Available records START

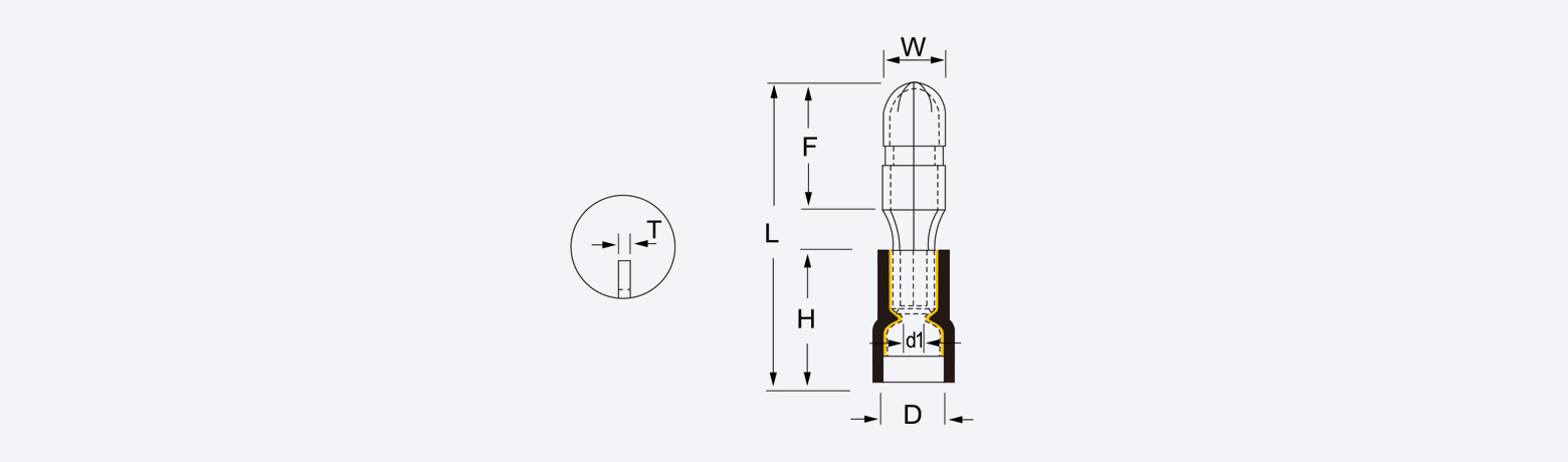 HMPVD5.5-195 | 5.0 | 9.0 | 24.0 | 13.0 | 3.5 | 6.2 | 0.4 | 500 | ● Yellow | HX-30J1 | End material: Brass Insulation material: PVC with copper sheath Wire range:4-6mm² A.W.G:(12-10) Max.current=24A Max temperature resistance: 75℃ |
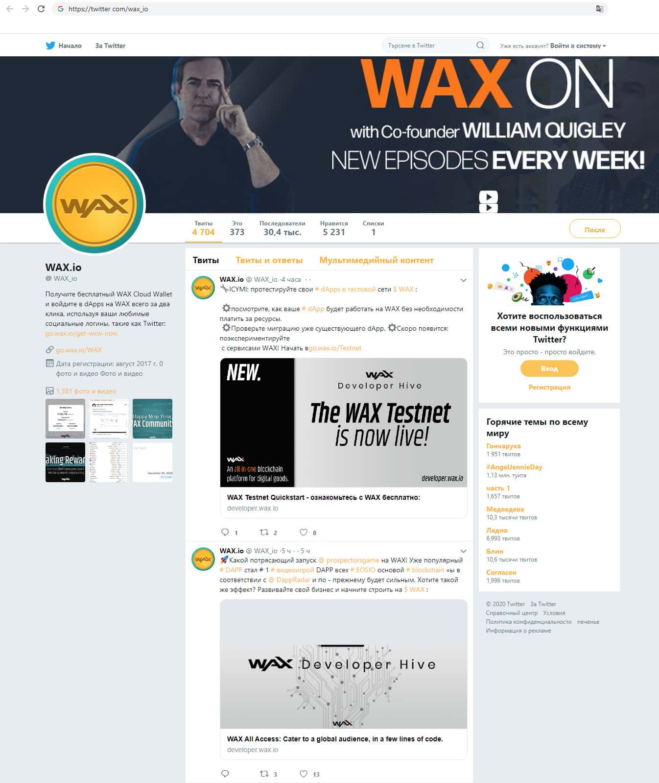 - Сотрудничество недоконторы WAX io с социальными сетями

Available records END
Available records START

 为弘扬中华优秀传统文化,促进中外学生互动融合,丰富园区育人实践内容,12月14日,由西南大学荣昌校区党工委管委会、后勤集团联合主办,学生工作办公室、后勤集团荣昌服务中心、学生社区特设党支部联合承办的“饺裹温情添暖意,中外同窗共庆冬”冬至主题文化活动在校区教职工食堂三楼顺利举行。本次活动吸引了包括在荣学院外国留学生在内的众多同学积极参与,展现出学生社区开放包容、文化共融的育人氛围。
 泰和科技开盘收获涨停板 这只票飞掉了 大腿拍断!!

Available records END
Available records START

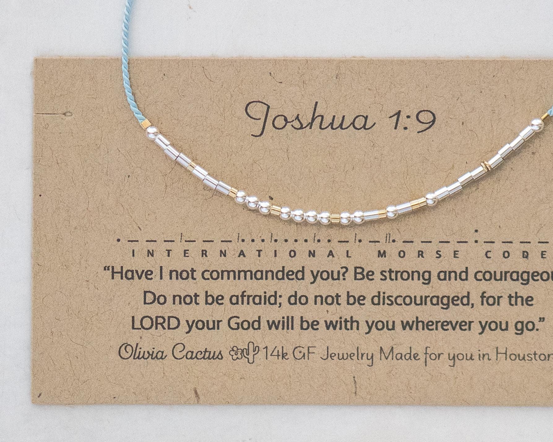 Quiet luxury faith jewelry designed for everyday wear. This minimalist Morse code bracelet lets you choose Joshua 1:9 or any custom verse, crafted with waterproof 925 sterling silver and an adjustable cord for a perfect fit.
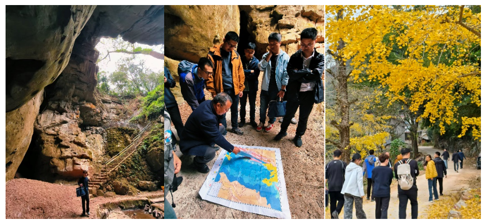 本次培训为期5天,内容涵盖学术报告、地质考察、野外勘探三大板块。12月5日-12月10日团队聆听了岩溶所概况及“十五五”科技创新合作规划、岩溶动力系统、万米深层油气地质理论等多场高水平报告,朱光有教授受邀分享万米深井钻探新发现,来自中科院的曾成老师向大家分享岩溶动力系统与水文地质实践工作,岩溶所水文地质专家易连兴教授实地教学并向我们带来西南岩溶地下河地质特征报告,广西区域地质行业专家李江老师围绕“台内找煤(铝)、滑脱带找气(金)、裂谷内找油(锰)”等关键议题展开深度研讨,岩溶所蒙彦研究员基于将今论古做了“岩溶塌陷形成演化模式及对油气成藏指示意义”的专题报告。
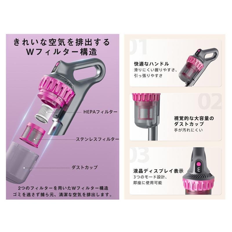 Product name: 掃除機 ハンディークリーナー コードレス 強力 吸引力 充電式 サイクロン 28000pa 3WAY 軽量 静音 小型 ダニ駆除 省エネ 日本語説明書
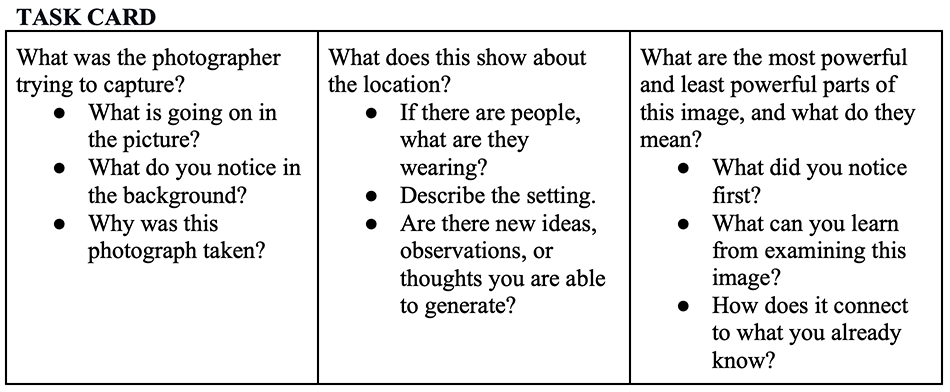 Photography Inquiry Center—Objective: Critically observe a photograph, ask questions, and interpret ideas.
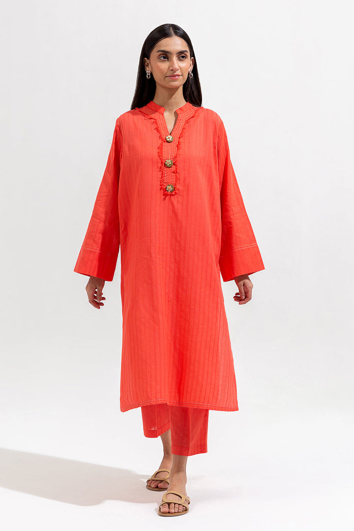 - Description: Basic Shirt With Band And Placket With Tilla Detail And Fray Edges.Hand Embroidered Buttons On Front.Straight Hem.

Available records END

Work task:
Starting at the line containing "本次培训为期5天,内容涵盖学" and stopping at the line containing "Product name: 掃除機", output each line exactly as it appears above. Leave out the pictures.

Written response:
 本次培训为期5天,内容涵盖学术报告、地质考察、野外勘探三大板块。12月5日-12月10日团队聆听了岩溶所概况及“十五五”科技创新合作规划、岩溶动力系统、万米深层油气地质理论等多场高水平报告,朱光有教授受邀分享万米深井钻探新发现,来自中科院的曾成老师向大家分享岩溶动力系统与水文地质实践工作,岩溶所水文地质专家易连兴教授实地教学并向我们带来西南岩溶地下河地质特征报告,广西区域地质行业专家李江老师围绕“台内找煤(铝)、滑脱带找气(金)、裂谷内找油(锰)”等关键议题展开深度研讨,岩溶所蒙彦研究员基于将今论古做了“岩溶塌陷形成演化模式及对油气成藏指示意义”的专题报告。
 Product name: 掃除機 ハンディークリーナー コードレス 強力 吸引力 充電式 サイクロン 28000pa 3WAY 軽量 静音 小型 ダニ駆除 省エネ 日本語説明書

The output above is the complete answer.